» WHAT YOU HAVE TO DO:
Without the pictures, copy the entries below word for word.

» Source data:
=== Section Start ===
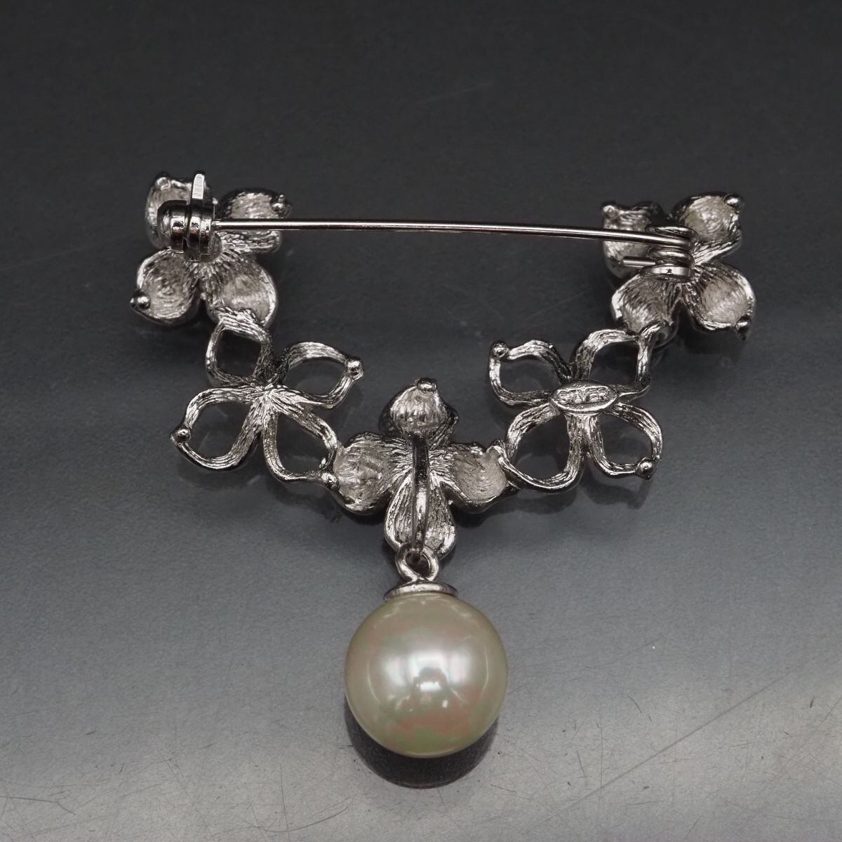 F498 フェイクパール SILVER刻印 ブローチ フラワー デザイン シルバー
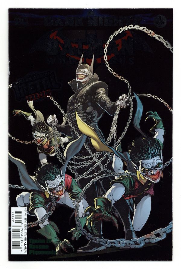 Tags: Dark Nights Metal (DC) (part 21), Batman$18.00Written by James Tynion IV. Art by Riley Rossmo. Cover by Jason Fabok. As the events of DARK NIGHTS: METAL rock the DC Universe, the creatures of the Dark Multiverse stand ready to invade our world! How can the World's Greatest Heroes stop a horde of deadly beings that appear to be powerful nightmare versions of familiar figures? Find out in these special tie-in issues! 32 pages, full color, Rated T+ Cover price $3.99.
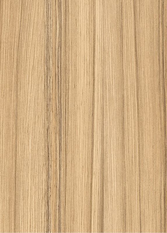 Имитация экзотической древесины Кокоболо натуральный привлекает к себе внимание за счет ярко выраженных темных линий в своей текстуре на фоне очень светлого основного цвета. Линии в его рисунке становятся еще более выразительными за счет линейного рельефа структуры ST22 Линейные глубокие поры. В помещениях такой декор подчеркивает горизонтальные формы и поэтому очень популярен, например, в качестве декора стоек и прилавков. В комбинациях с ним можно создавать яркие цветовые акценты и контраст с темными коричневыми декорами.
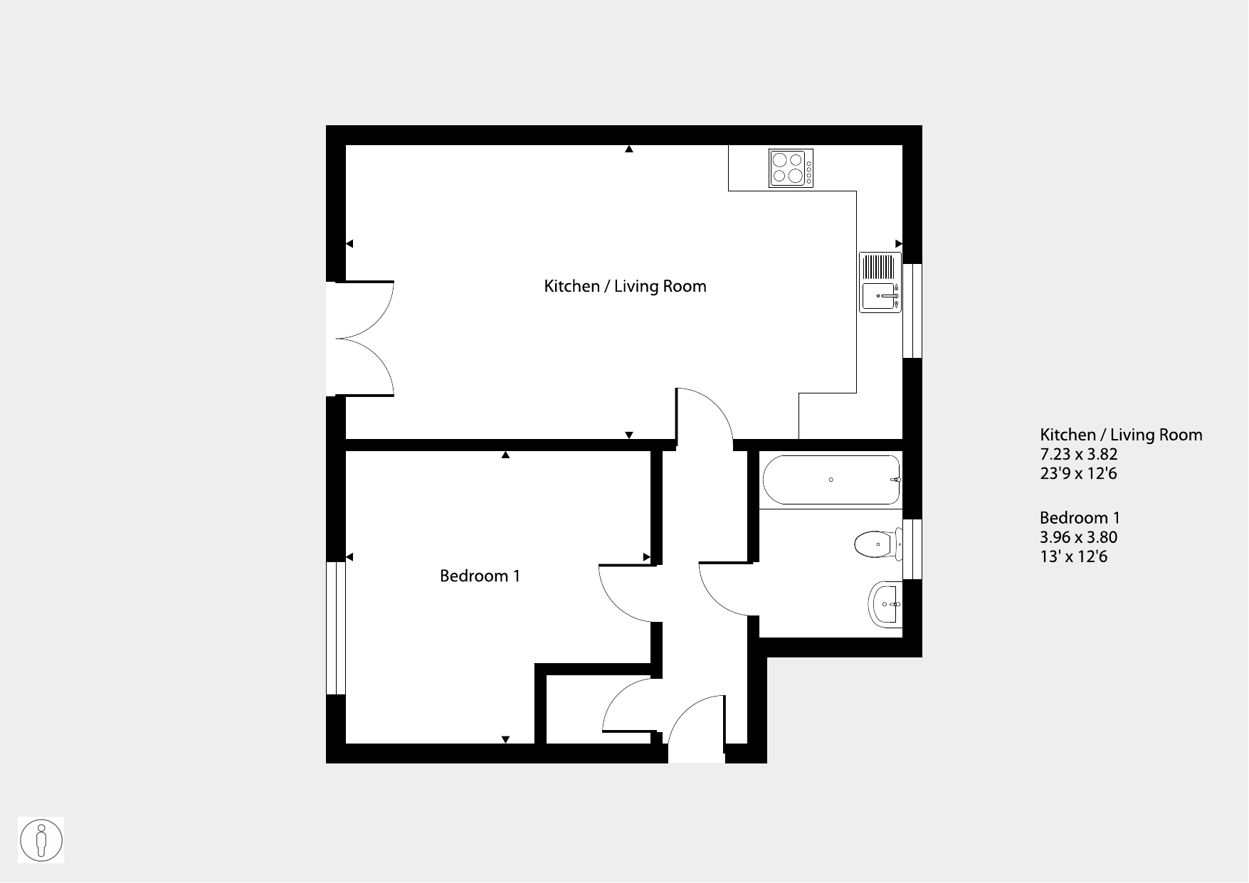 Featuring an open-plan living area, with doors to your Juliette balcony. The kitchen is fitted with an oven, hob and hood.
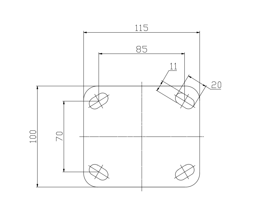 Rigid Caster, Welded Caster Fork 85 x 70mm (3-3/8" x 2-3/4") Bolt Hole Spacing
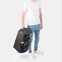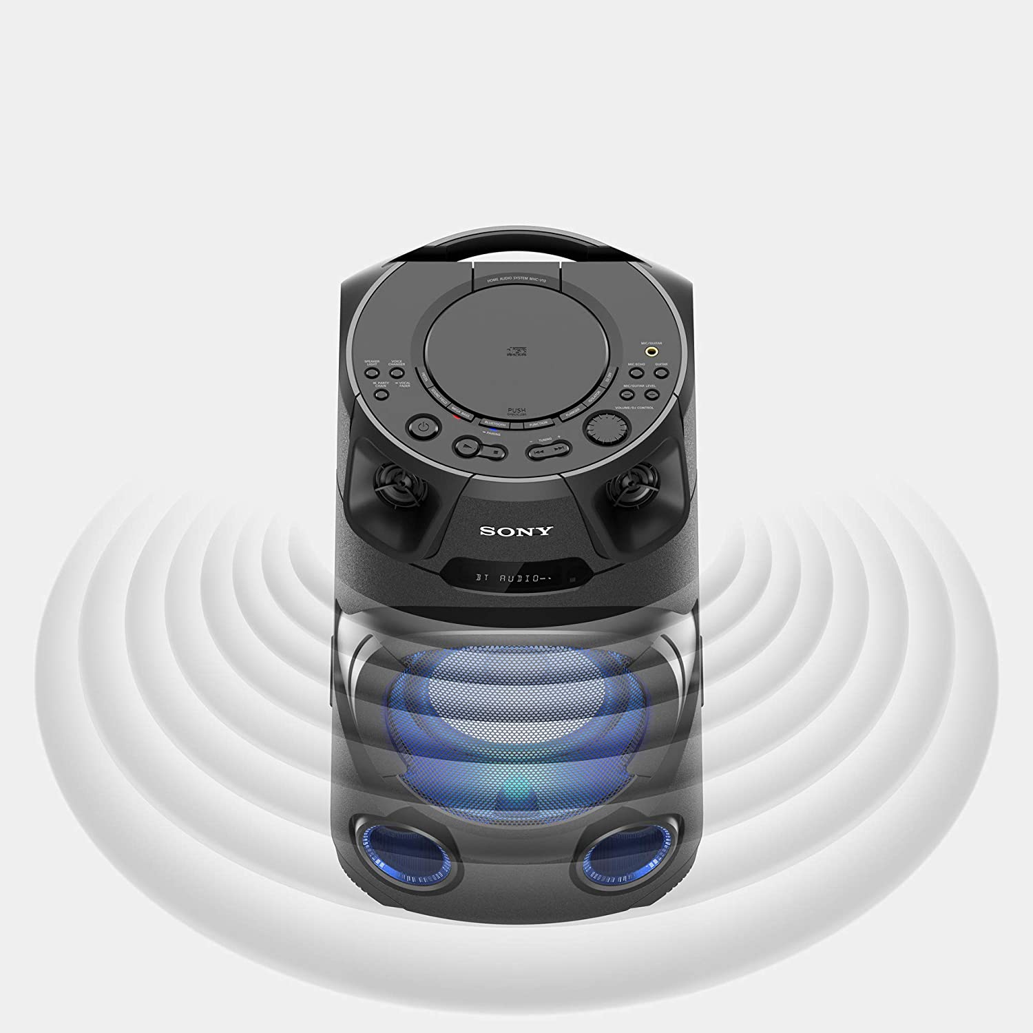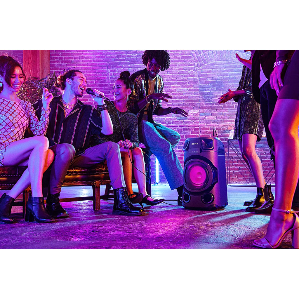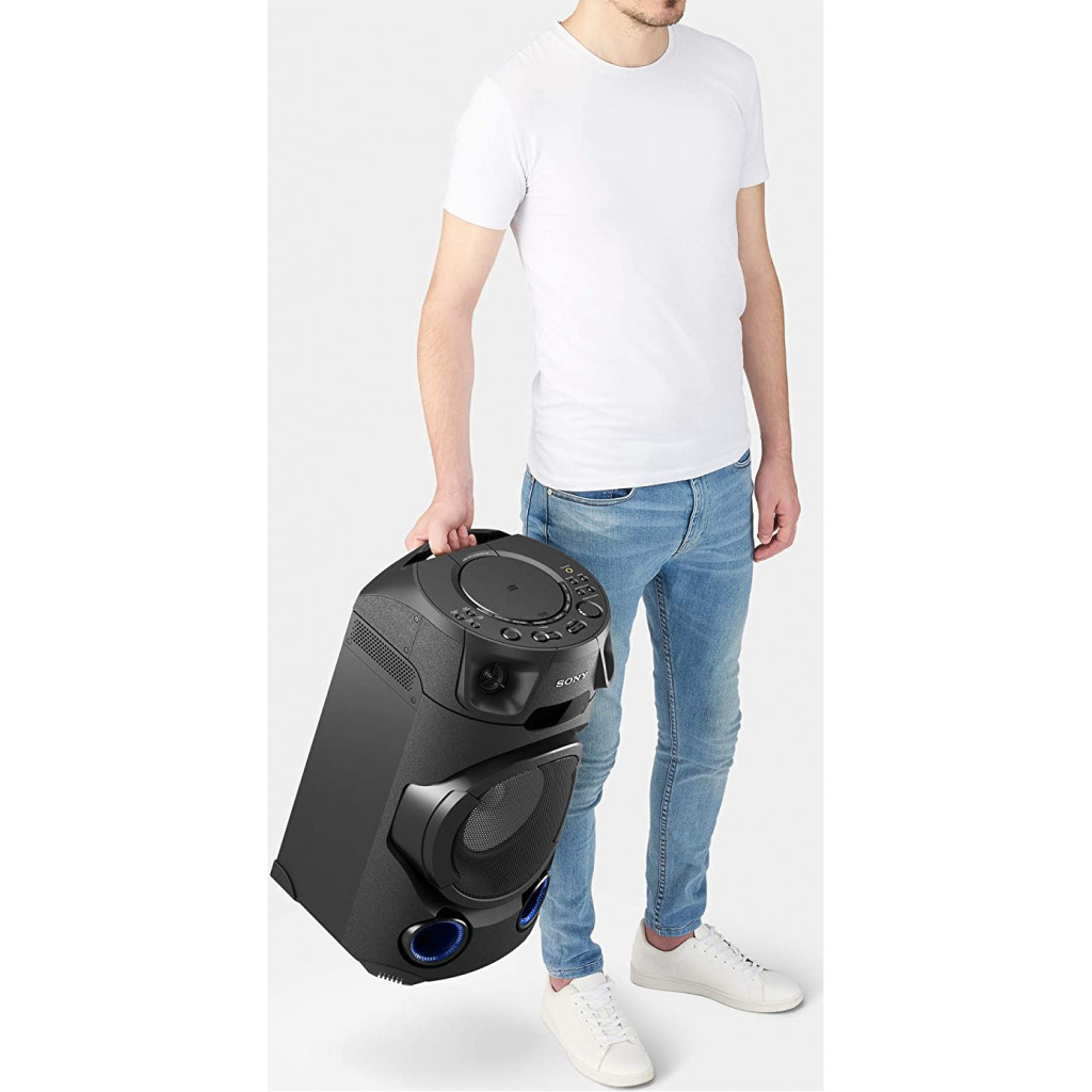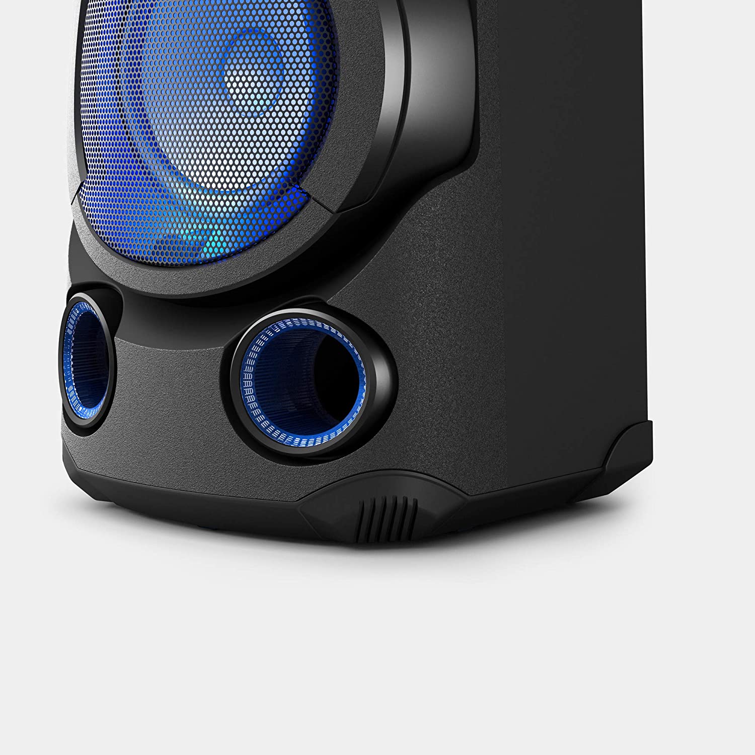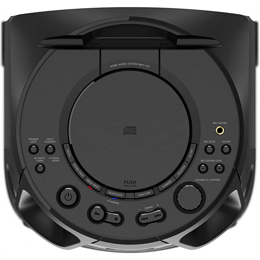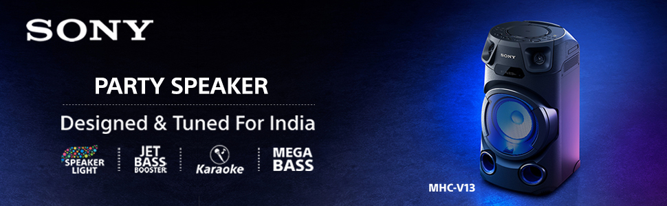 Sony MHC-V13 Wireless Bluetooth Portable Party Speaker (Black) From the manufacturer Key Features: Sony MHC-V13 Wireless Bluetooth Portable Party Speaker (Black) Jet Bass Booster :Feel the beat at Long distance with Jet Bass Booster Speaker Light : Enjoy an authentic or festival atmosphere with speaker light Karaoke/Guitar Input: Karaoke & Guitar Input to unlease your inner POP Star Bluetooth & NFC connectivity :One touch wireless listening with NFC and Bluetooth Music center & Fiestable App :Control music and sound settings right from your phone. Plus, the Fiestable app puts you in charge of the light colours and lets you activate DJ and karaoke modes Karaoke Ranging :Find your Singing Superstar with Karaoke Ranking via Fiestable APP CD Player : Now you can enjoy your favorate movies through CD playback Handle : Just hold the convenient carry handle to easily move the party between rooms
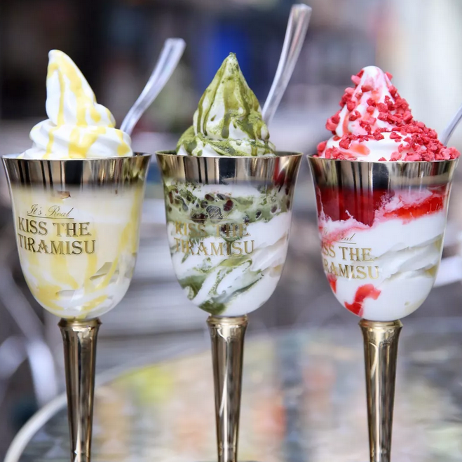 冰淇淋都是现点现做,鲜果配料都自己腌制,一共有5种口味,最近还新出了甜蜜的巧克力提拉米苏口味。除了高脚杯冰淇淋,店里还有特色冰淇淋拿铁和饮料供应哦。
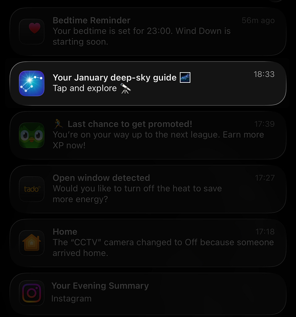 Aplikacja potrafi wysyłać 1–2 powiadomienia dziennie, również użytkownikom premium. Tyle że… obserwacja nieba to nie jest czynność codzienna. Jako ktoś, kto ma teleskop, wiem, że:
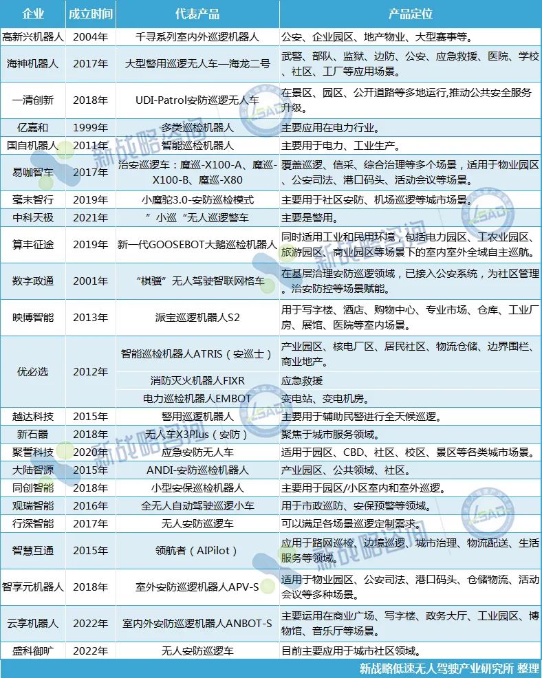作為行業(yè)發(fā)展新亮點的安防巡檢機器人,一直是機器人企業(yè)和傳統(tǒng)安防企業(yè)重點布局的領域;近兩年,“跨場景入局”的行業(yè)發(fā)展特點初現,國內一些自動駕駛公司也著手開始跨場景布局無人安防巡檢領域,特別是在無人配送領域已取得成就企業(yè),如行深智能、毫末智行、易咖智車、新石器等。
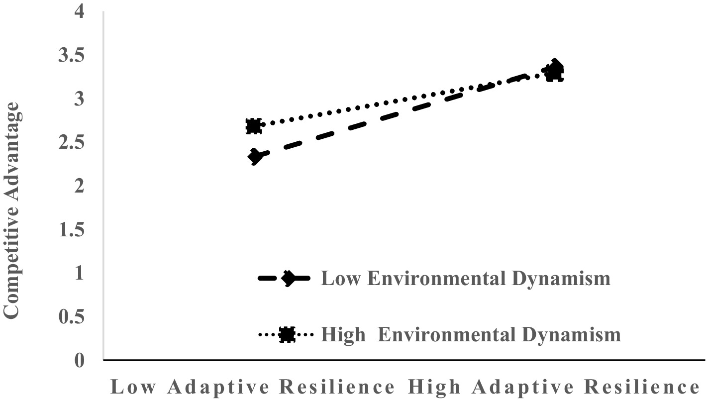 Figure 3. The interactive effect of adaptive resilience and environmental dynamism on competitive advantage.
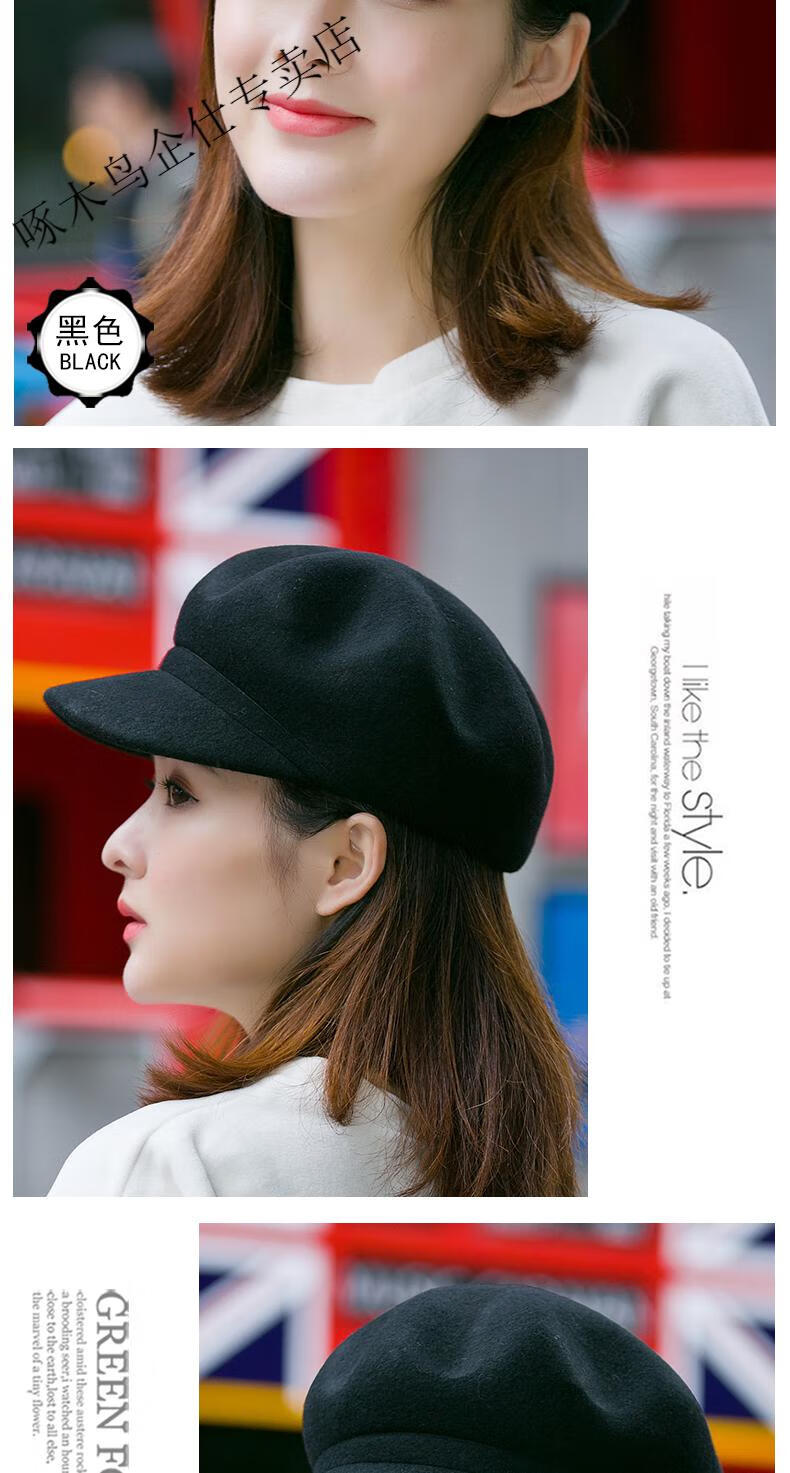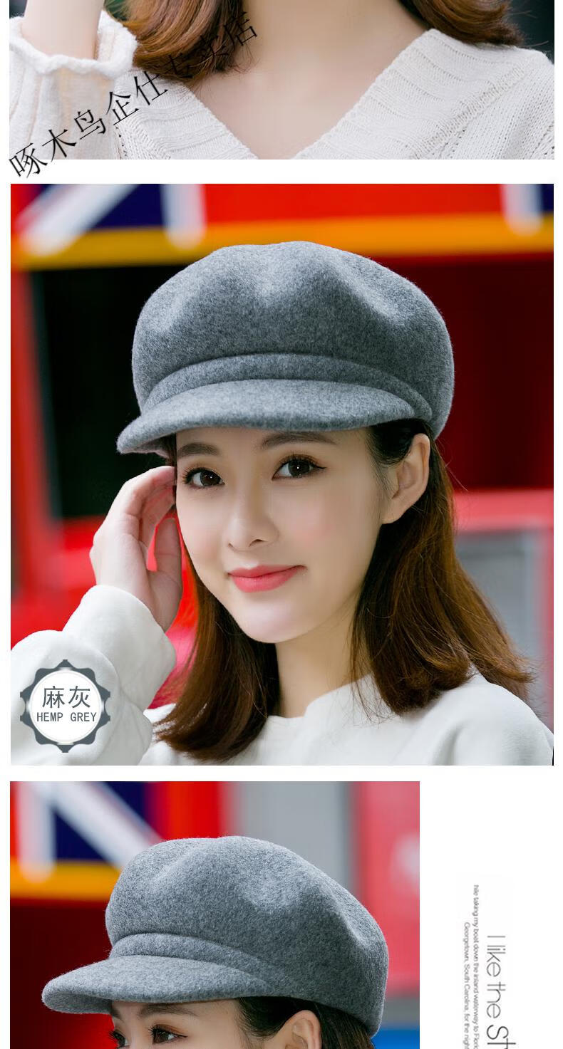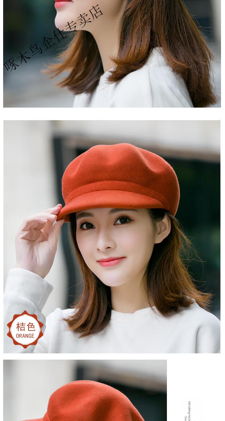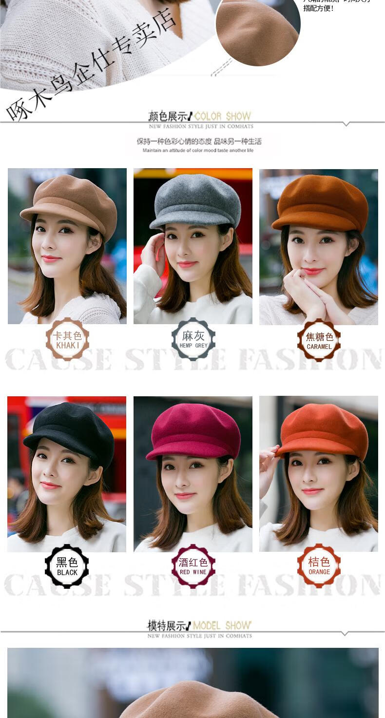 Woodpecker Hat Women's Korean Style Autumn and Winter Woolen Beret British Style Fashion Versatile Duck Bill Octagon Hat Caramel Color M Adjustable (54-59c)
=== Section End ===
» SOLUTION TO THE EXERCISE:
 F498 フェイクパール SILVER刻印 ブローチ フラワー デザイン シルバー
 Tags: Dark Nights Metal (DC) (part 21), Batman$18.00Written by James Tynion IV. Art by Riley Rossmo. Cover by Jason Fabok. As the events of DARK NIGHTS: METAL rock the DC Universe, the creatures of the Dark Multiverse stand ready to invade our world! How can the World's Greatest Heroes stop a horde of deadly beings that appear to be powerful nightmare versions of familiar figures? Find out in these special tie-in issues! 32 pages, full color, Rated T+ Cover price $3.99.
 Имитация экзотической древесины Кокоболо натуральный привлекает к себе внимание за счет ярко выраженных темных линий в своей текстуре на фоне очень светлого основного цвета. Линии в его рисунке становятся еще более выразительными за счет линейного рельефа структуры ST22 Линейные глубокие поры. В помещениях такой декор подчеркивает горизонтальные формы и поэтому очень популярен, например, в качестве декора стоек и прилавков. В комбинациях с ним можно создавать яркие цветовые акценты и контраст с темными коричневыми декорами.
 Featuring an open-plan living area, with doors to your Juliette balcony. The kitchen is fitted with an oven, hob and hood.
 Rigid Caster, Welded Caster Fork 85 x 70mm (3-3/8" x 2-3/4") Bolt Hole Spacing
 Sony MHC-V13 Wireless Bluetooth Portable Party Speaker (Black) From the manufacturer Key Features: Sony MHC-V13 Wireless Bluetooth Portable Party Speaker (Black) Jet Bass Booster :Feel the beat at Long distance with Jet Bass Booster Speaker Light : Enjoy an authentic or festival atmosphere with speaker light Karaoke/Guitar Input: Karaoke & Guitar Input to unlease your inner POP Star Bluetooth & NFC connectivity :One touch wireless listening with NFC and Bluetooth Music center & Fiestable App :Control music and sound settings right from your phone. Plus, the Fiestable app puts you in charge of the light colours and lets you activate DJ and karaoke modes Karaoke Ranging :Find your Singing Superstar with Karaoke Ranking via Fiestable APP CD Player : Now you can enjoy your favorate movies through CD playback Handle : Just hold the convenient carry handle to easily move the party between rooms
 冰淇淋都是现点现做,鲜果配料都自己腌制,一共有5种口味,最近还新出了甜蜜的巧克力提拉米苏口味。除了高脚杯冰淇淋,店里还有特色冰淇淋拿铁和饮料供应哦。
 Aplikacja potrafi wysyłać 1–2 powiadomienia dziennie, również użytkownikom premium. Tyle że… obserwacja nieba to nie jest czynność codzienna. Jako ktoś, kto ma teleskop, wiem, że:
作為行業(yè)發(fā)展新亮點的安防巡檢機器人,一直是機器人企業(yè)和傳統(tǒng)安防企業(yè)重點布局的領域;近兩年,“跨場景入局”的行業(yè)發(fā)展特點初現,國內一些自動駕駛公司也著手開始跨場景布局無人安防巡檢領域,特別是在無人配送領域已取得成就企業(yè),如行深智能、毫末智行、易咖智車、新石器等。
 Figure 3. The interactive effect of adaptive resilience and environmental dynamism on competitive advantage.
 Woodpecker Hat Women's Korean Style Autumn and Winter Woolen Beret British Style Fashion Versatile Duck Bill Octagon Hat Caramel Color M Adjustable (54-59c)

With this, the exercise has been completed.